Word for word, retype the lines from the one containing "Sparkly earrings in" to the one containing "Під час проведення" below, keeping both end lines and dropping the pictures.
******************************
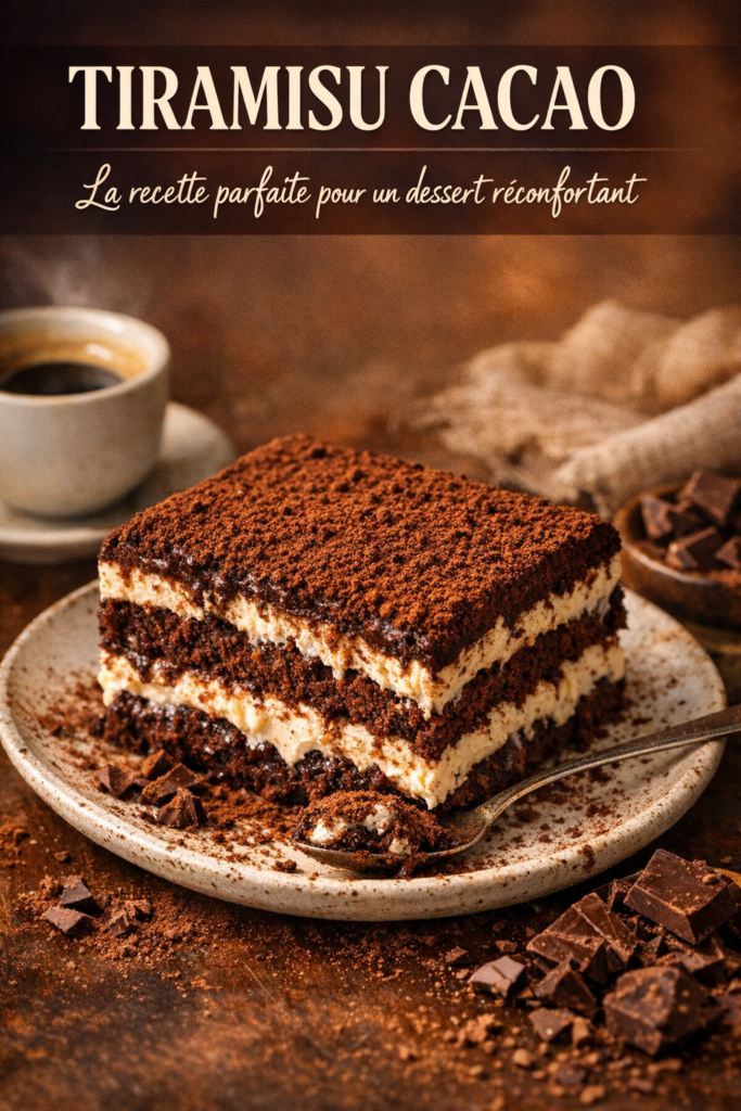 Le tiramisu cacao est une variante délicieuse du tiramisu classique, alliant les saveurs intenses du café, du mascarpone et du cacao. Ce dessert italien emblématique est parfait pour ceux qui cherchent à se réconforter avec une touche de chocolat.
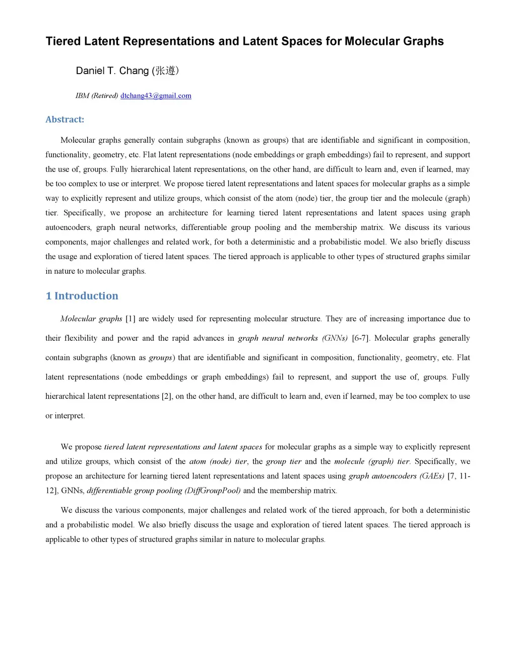 Molecular graphs generally contain subgraphs (known as groups) that are identifiable and significant in composition, functionality, geometry, etc. Flat latent representations (node embeddings or graph embeddings) fail to represent, and support the use of, groups. Fully hierarchical latent representations, on the other hand, are difficult to learn and, even if learned, may be too complex to use or interpret. We propose tiered latent representations and latent spaces for molecular graphs as a simple way to explicitly represent and utilize groups, which consist of the atom (node) tier, the group tier and the molecule (graph) tier. Specifically, we propose an architecture for learning tiered latent representations and latent spaces using graph autoencoders, graph neural networks, differentiable group pooling and the membership matrix. We discuss its various components, major challenges and related work, for both a deterministic and a probabilistic model. We also briefly discuss the usage and exploration of tiered latent spaces. The tiered approach is applicable to other types of structured graphs similar in nature to molecular graphs.
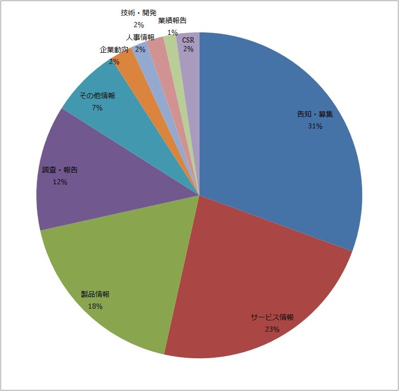 情報カテゴリー別の内訳は、「告知・募集」31%、「サービス情報」23%、「製品情報」18%、「調査・報告」12%、「その他情報」7%、「CSR」2%、「企業動向」2%、「人事情報」2%、「技術・開発」2%、「業績報告」1%となっています。
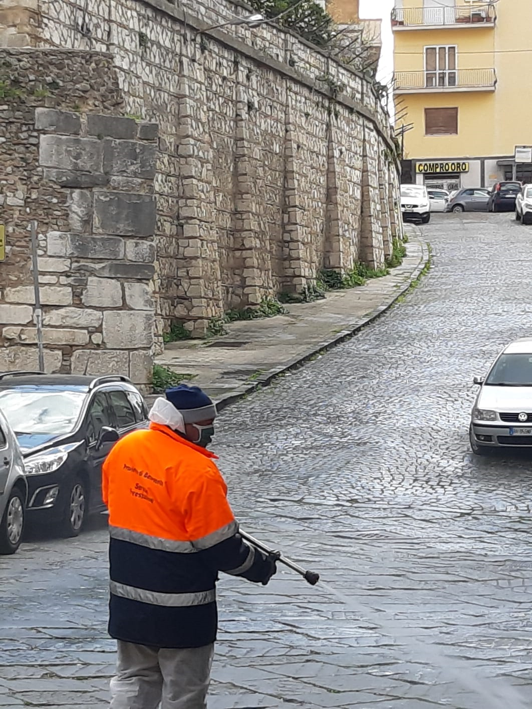 L’operazione ha visto l’attività congiunta della locale Stazione dell’Arma dei Carabinieri, della Polizia municipale nonché della Polizia penitenziaria. Un’azione interforze proprio per dare un segnale fortissimo all’intera popolazione. E’ arrivato il momento di ribadire, chiaramente, che bisogna restare in casa, non si può più scherzare perché stiamo entrando nella fase di maggiore criticità, cosi il primo cittadino di Airola. Anche Montesarchio è una cittadina blindata. Grazie anche alle nuove telecamere installate nel paese caudino, con l’acquisto di ulteriori 5 occhi elettronici, che presidieranno le zone interessate dal circolo delle auto. e eventuali assembramenti di cittadini. Anche qui la parola d’ordine del primo cittadino Damiano è: restare a casa il piu’ possibile. A Benevento la Municipale è in prima linea per il controllo su strade. In questi giorni non sarà la sola, avrà in dotazione il drone inaugurato qualche settimana fa allo stadio Vigorito. Il drone infatti potrà aiutare il corpo di polizia sorvegliando dall’alto la città e aiutando nella ricerca dei trasgressori. Un drone che non supererà l’altezza dei 70 metri opera in un area di oltre 25o metri. Non solo Municipale che nella giornata di martedì ha visto controlli a tappeto tra gli automobilisti in circolo e due denunce, ma in campo anche la Finanza del capoluogo che sta operando sugli esercizi commerciali. Infine e non per ultimo in questi giorni si sta procedendo alla sanificazione e disinfestazione della città da parte degli operatori del Servizio Forestazione della Provincia, d’intesa e con il supporto dell’Asia, l’Azienda di Igiene Ambientale. Questa mattina gli operatori si sono recati al Teatro Romano,al Triggio, piazza Manfredi di Svevia, piazza Orsini e strade limitrofe. Inoltre giovedì mattina la zona Asi di Ponte Valentino sarà interessata da un’attività di lavaggio e sanificazione delle strade consortili”. Ad annunciarlo è il presidente del Consorzio Asi della Provincia di Benevento, Luigi Barone che parla di ulteriore attività con garanzia di lavaggio e sanificazione di tutte le strade dell’agglomerato con detergente a base di sali quaternari di ammonio con azione sanificante nel rispetto delle direttive del decreto del Presidente del Consiglio dei Ministri dell’11 marzo scorso”.
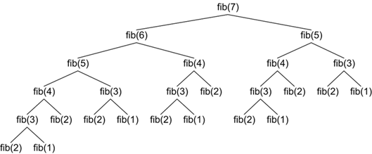 fib(7)을 구하기 위해서는 fib(6)와 fib(5)가 필요하다. 그리고 fib(6)을 구하기 위해서는 fib(5)와 fib(6)이 필요하다. 이 경우 살펴보면 fib(7)과 fib(6)에서 fib(5)가 반복된다. 즉, 작은 문제가 반복되는 구조라고 볼 수 있다. - 최적 부분 구조
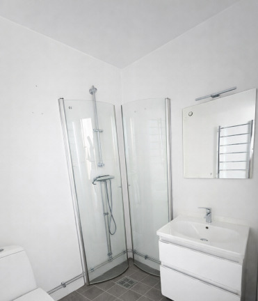 • Helkaklat badrum med vita väggar och grått golv. Badrummet är utrustat med duschväggar i glas, kommod med förvaring och spegel. Observera att ingen renovering av badrummet sker då detta är renoverat sedan tidigare.
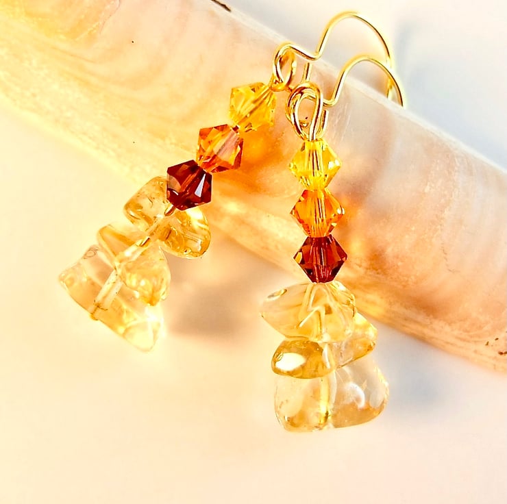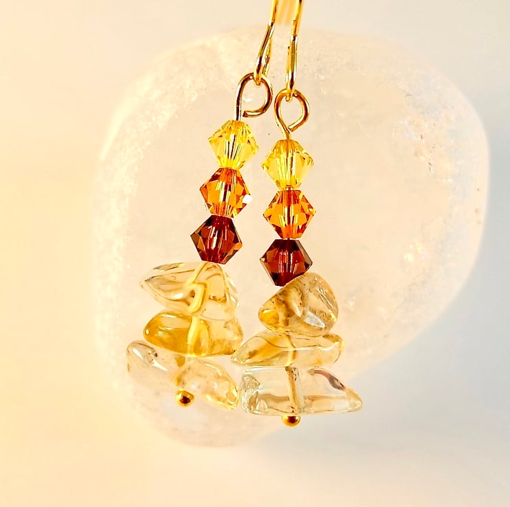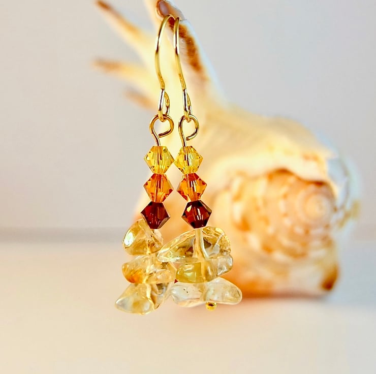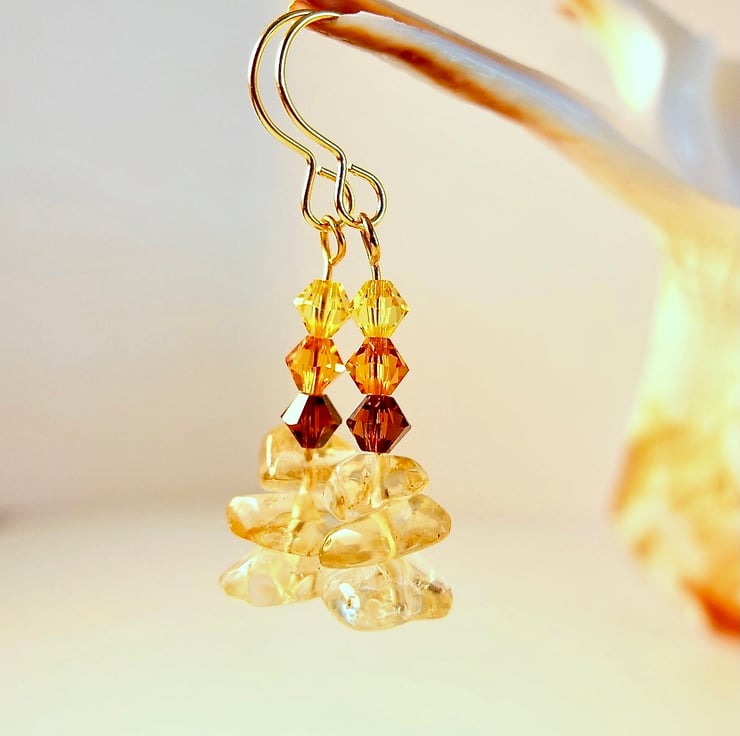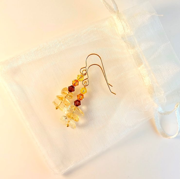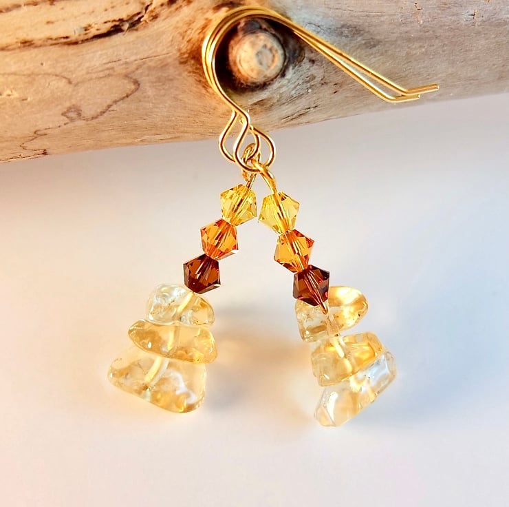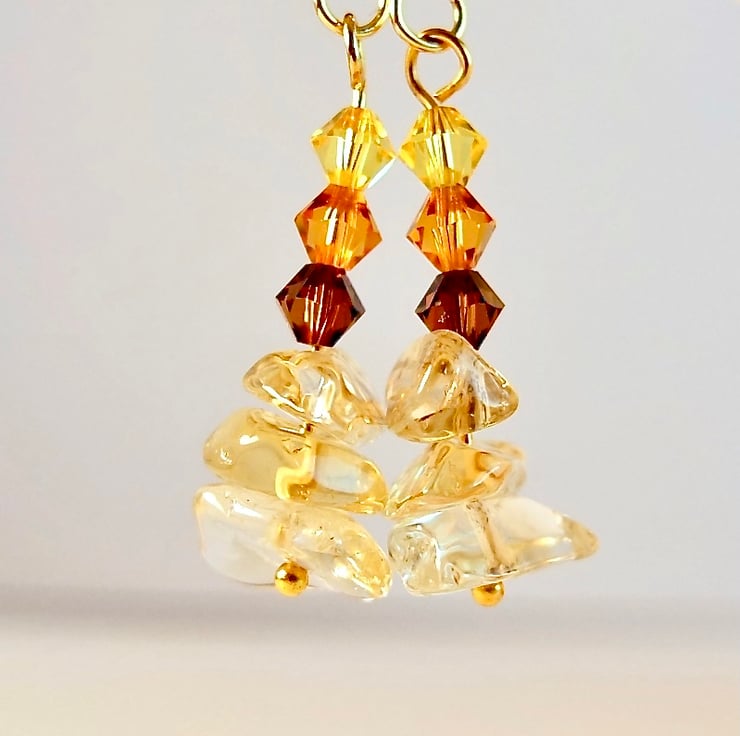 Sparkly earrings in shades of yellow, featuring a trio of lovely, translucent, pale lemon citrine chip beads topped with a trio of 4mm Swarovski Crystal bicones in the colours 'smoked topaz', 'topaz' and 'light topaz'.
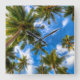 Tropical Beaches | Palm Trees on Blue Sky Square Wall Clock
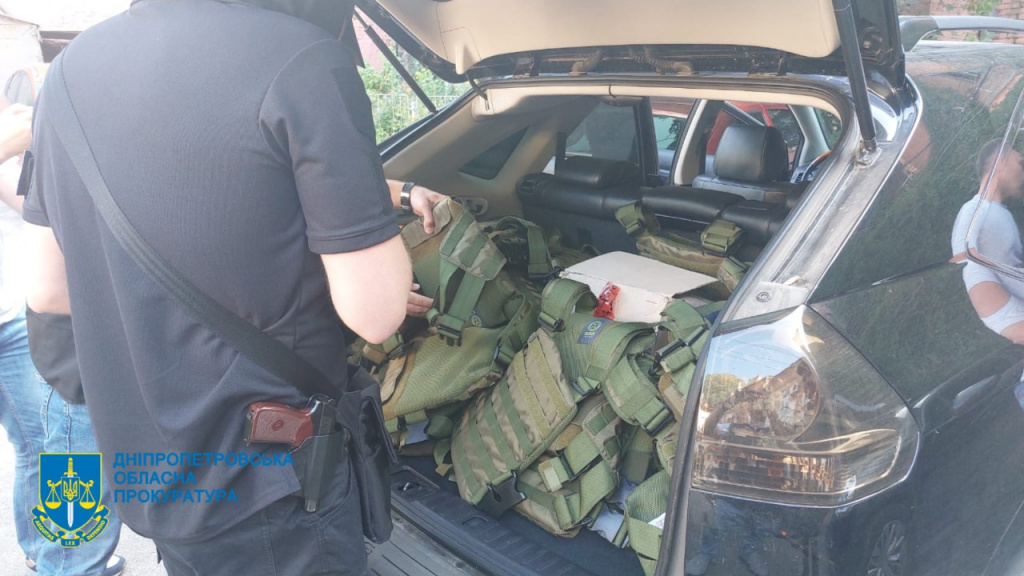 Під час проведення обшуків за місцем мешкання та в автомобілі підозрюваного вилучено бронежилети, документацію, що підтверджує ввезення в Україну цього спорядження для потреб ЗСУ, мобільні телефони, комп’ютерну техніку та грошові кошти.
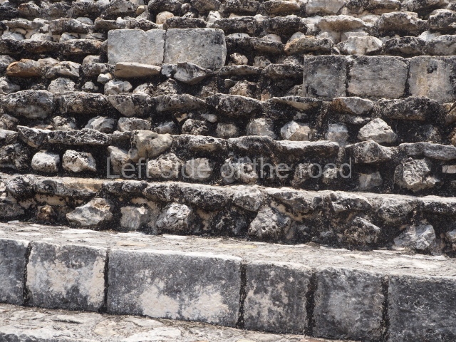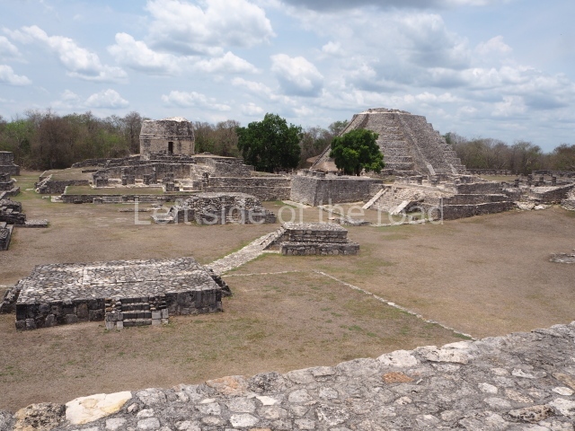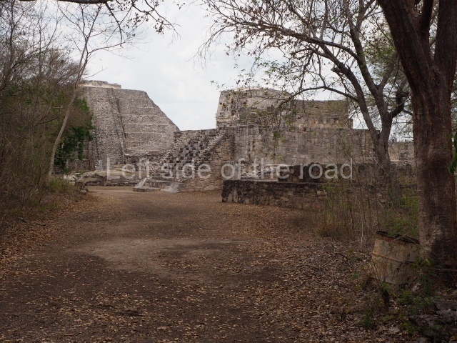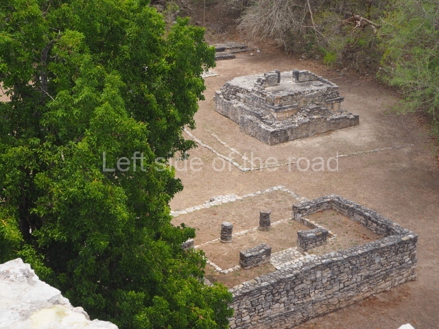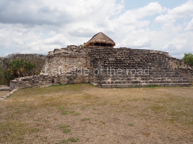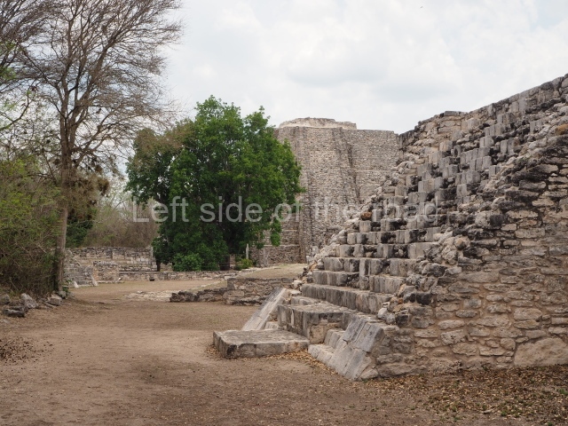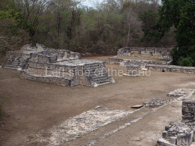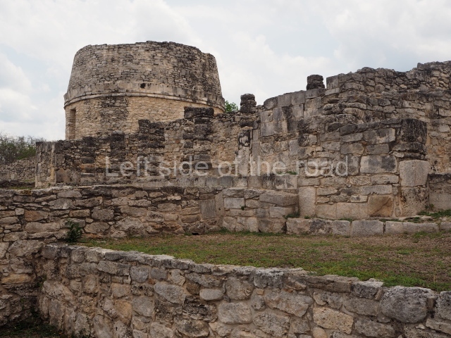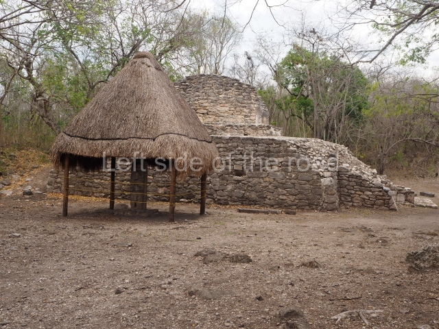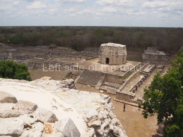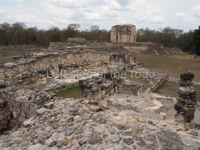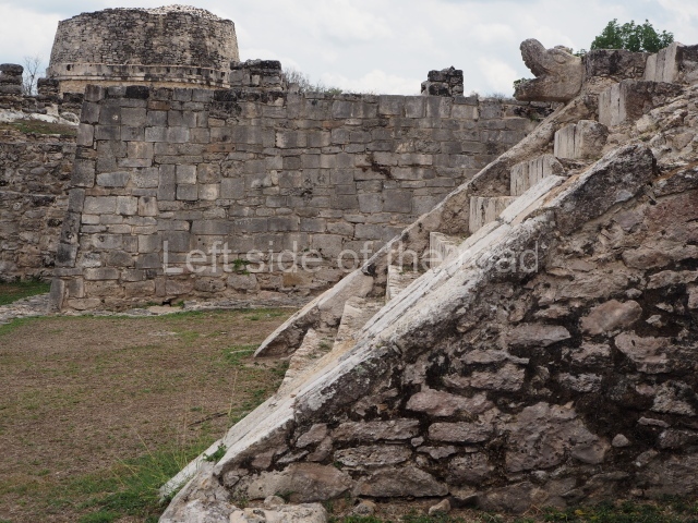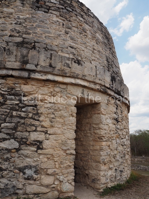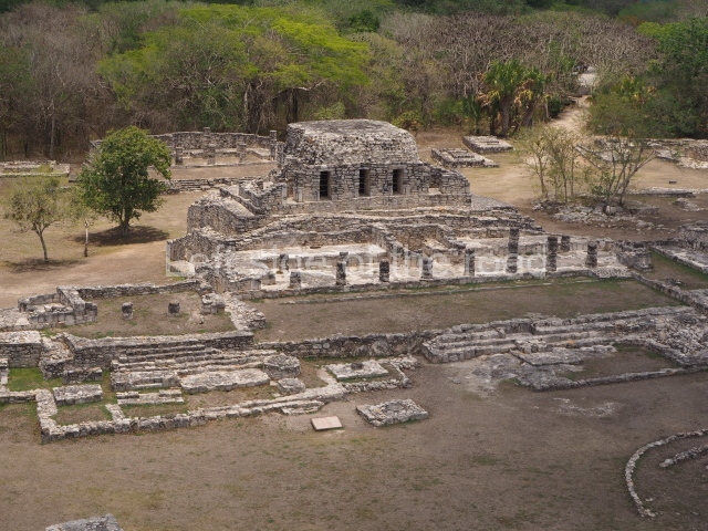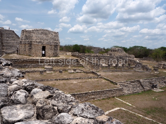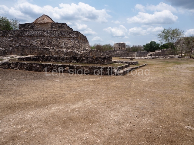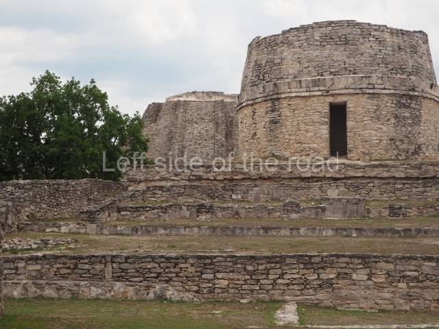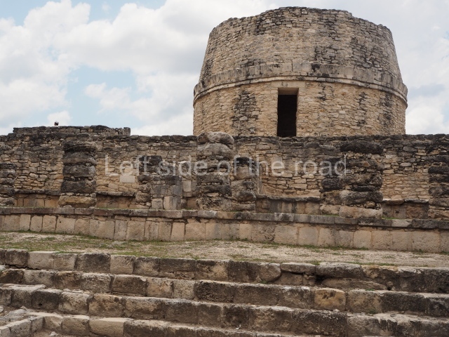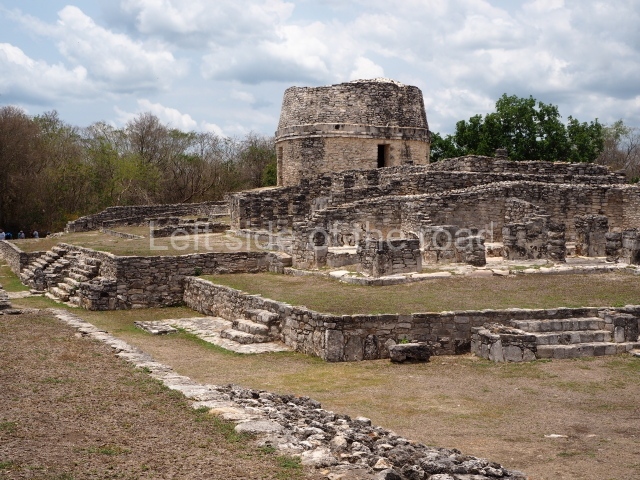 This is situated on the east side of the Central Plaza. It is a rectangular platform with moulding around the top and a balustraded stairway. It is 20 m long, 18 m wide and 3.5 m high. At the top is a circular, vaulted temple 10.20 m in diameter and 7.50 m in height, with four entrances and thick walls 1.15 m wide. The central part of the temple consists of a cylindrical volume 4.50 m in diameter with four niches in the lower section, two of which show traces of mural paint. This volume and the walls form the interior space, measuring 2.75 m in width and 6 m in height. There are also two small constructions – a small altar on a dais and a shrine – on the north side of the stairway.
******************************
◆ **Exercise result**:
 Sparkly earrings in shades of yellow, featuring a trio of lovely, translucent, pale lemon citrine chip beads topped with a trio of 4mm Swarovski Crystal bicones in the colours 'smoked topaz', 'topaz' and 'light topaz'.
 Tropical Beaches | Palm Trees on Blue Sky Square Wall Clock
 Під час проведення обшуків за місцем мешкання та в автомобілі підозрюваного вилучено бронежилети, документацію, що підтверджує ввезення в Україну цього спорядження для потреб ЗСУ, мобільні телефони, комп’ютерну техніку та грошові кошти.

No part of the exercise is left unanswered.